Does anyone else have a class like this? Any opinions on the matter?


----------



## matt.m (Jun 8, 2006)

There is no official "boot camp" Kind of class per se.  However, the higher the rank the more strict the teachers are on the student.:shrug:


----------



## bluemtn (Jun 8, 2006)

No, there's no boot camp, but we do have a black belt camp that's recommended (not required).  If you're brown belt and up, you can attend.  I know a couple of people that had to go through something you are, though.


----------



## Carol (Jun 8, 2006)

We don't have a boot camp *class* but out of the four teachers at my school, there is one that leads a class in a way that is much more physically vigorous...even his private lessons are the same way.

As far as dan preperation...our school in particular breaks out the test over two days.  One day is the material, the other day is the physical test.  The students are given an 8 week prep schedule to prepare for both tests...but they must do so on their own.


----------



## karatekid1975 (Jun 8, 2006)

We have what we call "power camp." It's an 8 hour day full of stuff. The physical part is running (1 and a half miles in 13 minutes), push ups, sit ups, side crunches, ect. Then the rest of the day is full of curriculum stuff, breaking, sparring, ect. It's very physically demanding (you do things over and over and over at times). This is usually done before the test itself (for BB). If you fail this, no test. It is mentally challenging also, because you have to keep yourself going. If your body fails, your mind must take over.

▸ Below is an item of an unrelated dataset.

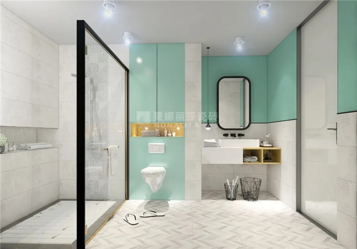 ▲衛(wèi)浴間特別適合薄荷綠,沐浴的時(shí)候有大片綠色相伴,心情更加舒暢明凈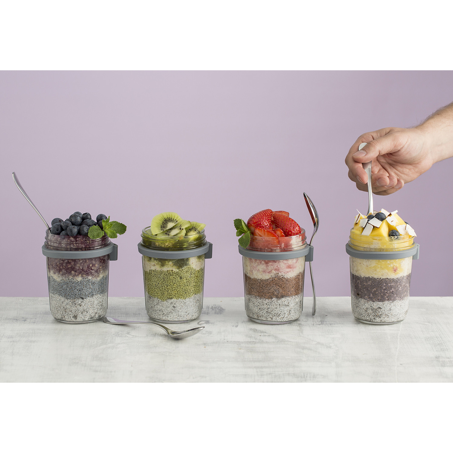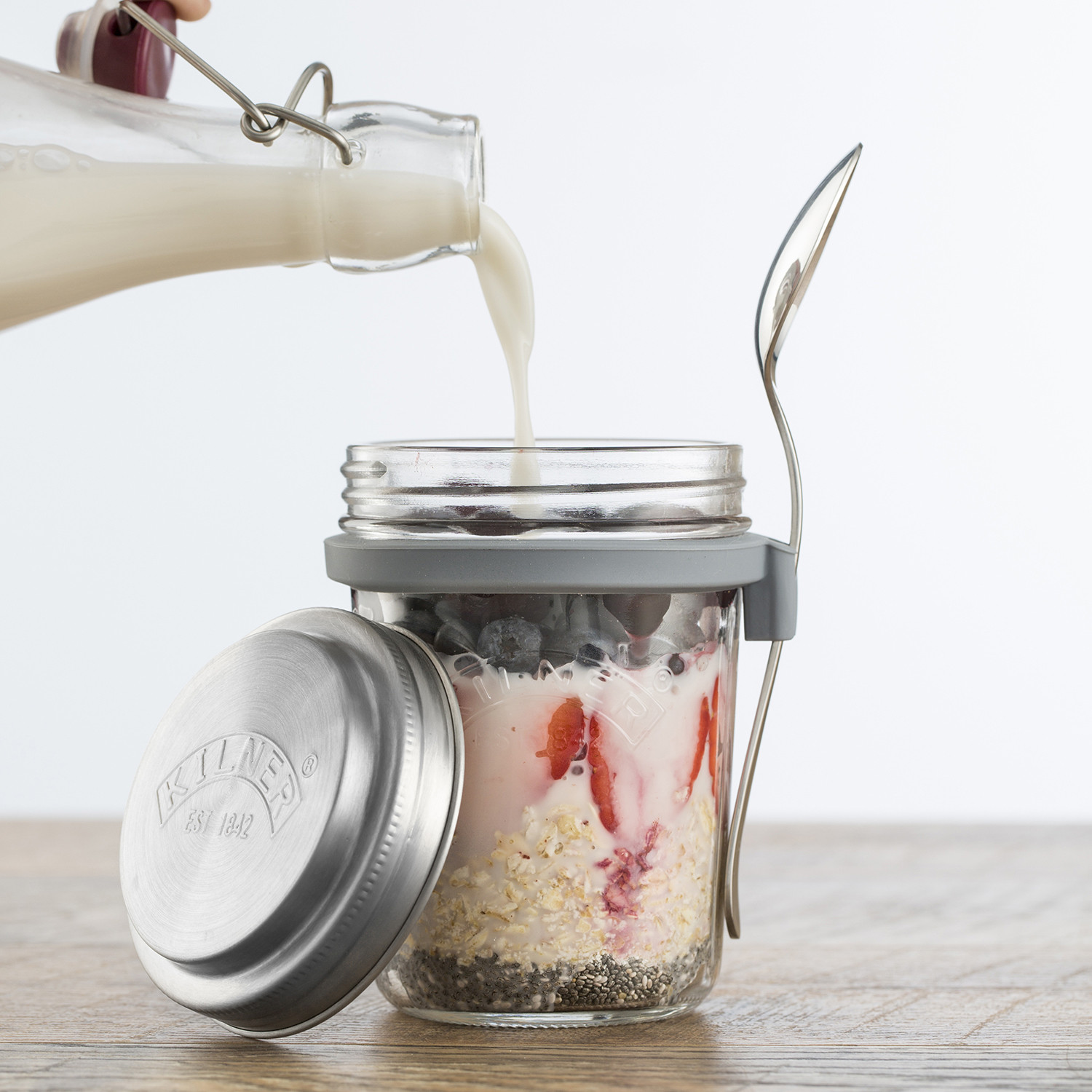 The Kilner Breakfast Jar Set is a unique way to store and consume breakfast snacks whether at home or on the go. Included in the set is a Kilner 0.35 Litre Wide Mouth Jar which comes with a unique stainless steel lid that doubles as a measuring cup for better portion control. This set also includes a stainless steel spoon, silicone spoon holder and airtight sealing disc.

I have never done it yet, but my boyfriend and many have. I have heard many stories. I'm scared LOL.

And yes. You have to prepare for it on your own time. Which I have not done yet (it takes roughly 8 to 12 weeks to prepare for it).


----------



## trueaspirer (Jun 9, 2006)

For us, the endurance is part of the test. The running is done seperately, but still considered part of the test.


----------



## Nomad (Jun 9, 2006)

People getting *close* to BB in our dojo enter a 90 day candidacy period which is very physically and mentally demanding, and contains several days of activity comparable to the boot camp you mention.  Designed to push you past your limits in several different ways.

Sounds like fun.  I can't wait! :ultracool


----------



## Jimi (Jun 10, 2006)

I agree with a hardcore BB prep. class, that helps those who want to do well on there Dan testing. I have seen many "Boot Camp" classes in health clubs taught by aerobic/fitness instructors. It is a bit of a fad, drilling people in calisthletics(?) to near failer using many strentgh & endurance exercises with an almost drill sargeant attitude. Many of these insructors wear BDU's and barking commands, with no military back ground and only a weekend certification of training in Boot Camp provided by Health & Fitness certification organizations, they train or teach very little actual martial arts/self defense skills. These health club Boot Camps are using the popularity of the GI Jane wanna be's desire to be tough. The classes are very tough, don't get me wrong, but they are no BB prep class by a long shot. Those of you training for or helping others achieve their BB, keep up the good work.


----------